Es ist der NAGGI TickiTacki.
Er nagt, wie dumm ist das, am Ast, auf dem er selber sitzt.
TickiTacki hat tatsächlich wenig Grips.



Er knabbert und nagt, jammert und klagt 
und wetzt seine scharfen Krallen. Ihm fällt nichts Besseres ein, den lieben langen Tag war er allein.
Nicht nur an Grips fehlt es dem NAGGI  auch mangelt es dem Fabeltier an Leidenschaft und Phantasie.

Lebenslust und Lebensfreude kennt TickiTacki nicht. 
Er weiß nichts von gelebter und erfüllter Zeit und hasst Geselligkeit. 
Im Hier und Jetzt fühlt sich der NAGGI selten wohl. 
Schnell ist er angeödet und zieht eine bitterböse Miene.
So ist der NAGGI Tickitacki meistens deprimiert.

Wenn es dem TickiTacki langweilig wird, was oft geschieht, dann wackelt ungeduldig er mit seinem langen Schwanz, bis dieser wie ein ruheloses Pendel in wildem Takte schwingt. Manches Mal, wenn es dumm läuft, übertragen sich die Schwingungen von TickiTackis Schwanzgependel auf alle Uhren nah und fern. Die Uhrzeiger drehen dann schnell und immer schneller, bis Zahnräder vor Überlastung quietschen und es in manchem Uhrwerk rattert und knirscht. 

Die Zeit zu messen - in solchem Chaos, wenn TickiTackis Pendelein Frequenzen stören und keine Uhr mehr richtig tickt - geht nicht. 
Und Niemand weiß mehr, was die Uhr geschlagen hat.

Ein übler Zeit Dieb ist TickiTacki, wie man Keinen je zuvor gekannt. 
Und was noch Schlimmer ist, er ist ein Parasit.

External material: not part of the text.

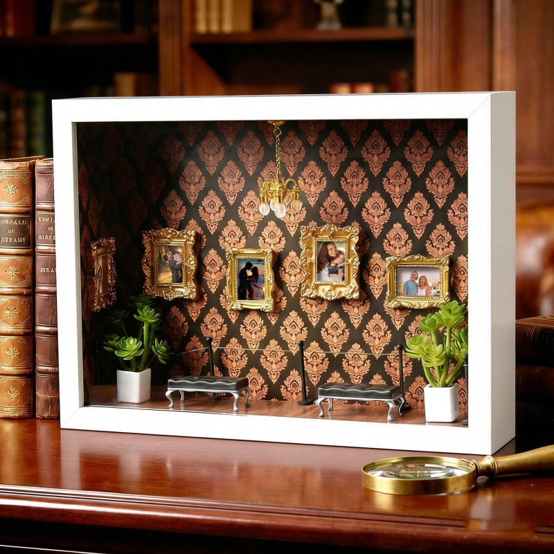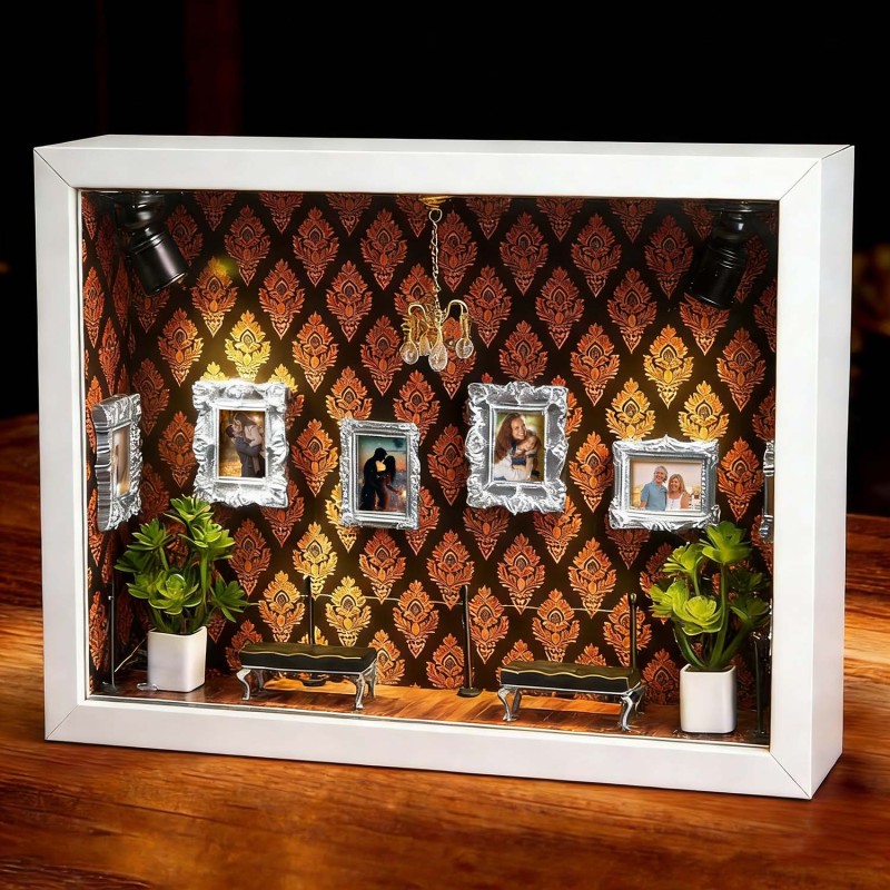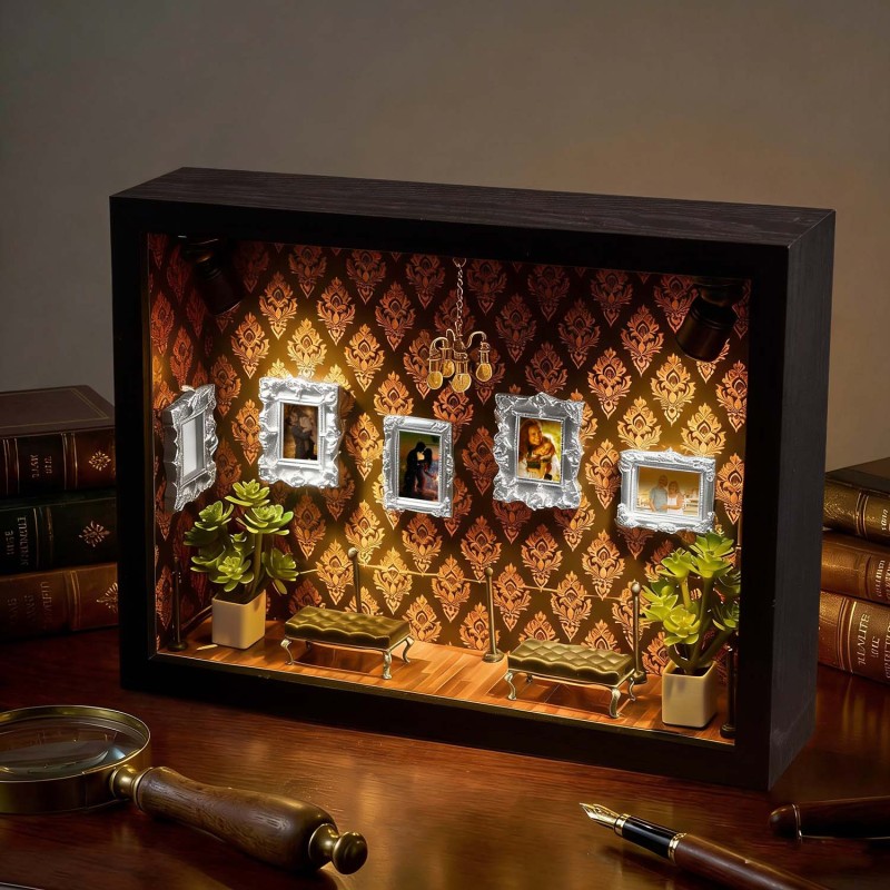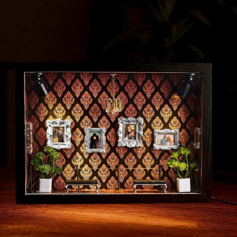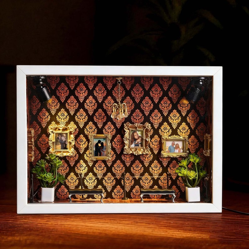 ¡Celebra tu historia con tu pareja! Esta caja de sombras personalizada es un recuerdo único, diseñado para demostrar tu amor por esa persona especial.Cada caja de sombras está cuidadosamente diseñada con elementos simbólicos que reflejan la historia familiar y personal. Ya sea para regalar o para exhibir en tu hogar, esta pieza cuenta una historia poderosa: la tuya.Perfecta para cumpleaños, graduaciones, inauguraciones, celebraciones culturales o como un detalle especial.Tamaño y detalles:Aprox. 23 x 6,5 x 31,6 cm.Nota: Para evitar que las miniaturas se caigan debido a golpes durante el transporte, se empaquetan por separado. Los clientes deberán ensamblarlas al recibirlas. El paquete incluye una barra de pegamento.

Vor NAGGI TickiTacki nehmt Euch in Acht. 
Dass dieser Miesepeter nichts Gutes im Sinne haben kann, lässt sich erahnen bei dessen Blicken voller Hinterlist und beim Beachten seiner angespannten Haltung.
Der quirlige NAGGI TickiTacki springt voller Ungeduld von Ast zu Ast, von Baum zu Baum und lauert auf ein Opfer.

Kommt ein ruheloser Mensch des Wegs, 
macht sich der NAGGI unsichtbar, 
setzt an zum Sprung und landet unbemerkt 
auf des Menschen Nacken. 
Sitzt dort ein SCHALK schon, dann kratzt der NAGGI und beißt, bis dieser Platz macht und irgendwann der SCHALK - der Klügere gibt nach - von Dannen zieht. Wer bliebe auch bei klarem Verstand lange in solch unangenehmer Gesellschaft. 
Wenn ohne seinen SCHALK im Nacken der Mensch so gar nichts spaßig mehr finden kann, vergeht ihm bald das Lachen. Ist der Mensch erst richtig deprimiert nutzt NAGGI die Gelegenheit und zwingt dem Ahnungslosen seinen Willen auf und er vermiest ihm jede Freud.
Wird NAGGI TickiTacki nicht abgeschüttelt, krallt der sich fest, so lang das geht. Er raubt alsbald dem Menschen jede Ruh.
TickiTacki nagt auch liebend gern am Menschenohr, das zwickt und bringt alsbald das arme ruhelose Lebewesen völlig aus dem Gleichgewicht. 

Und tickitacki, tickitacki peitscht der NAGGI mit seinem Pendelschwanz den Fluss der Zeit. Mit jedem Pendelschwung und Peitschenhieb treibt NAGGI TickiTacki den Mensch an, auf dessen Schulter er sich fest gesetzt.

Ein Mensch, der unter NAGGIs Last und Einfluss bald nicht mehr aufrecht gehen kann, weiß nicht, wie ihm geschieht. Er wundert sich, wieso für ihn die Zeit so schnell und sinnlos vergeht, fragt sich, warum er ständig unter solch unerklärlichem Druck steht. Streift dieser Mensch den unsichtbaren Nager nicht endlich ab, wird tickitack für ihn die Zeit bald knapp. Solang der NAGGI TickiTacki bei dem Menschen ist, kommt ganz gewiss kein SCHALK zurück, kein  Spaß und auch kein Witz, kein Lachen, keine Freud.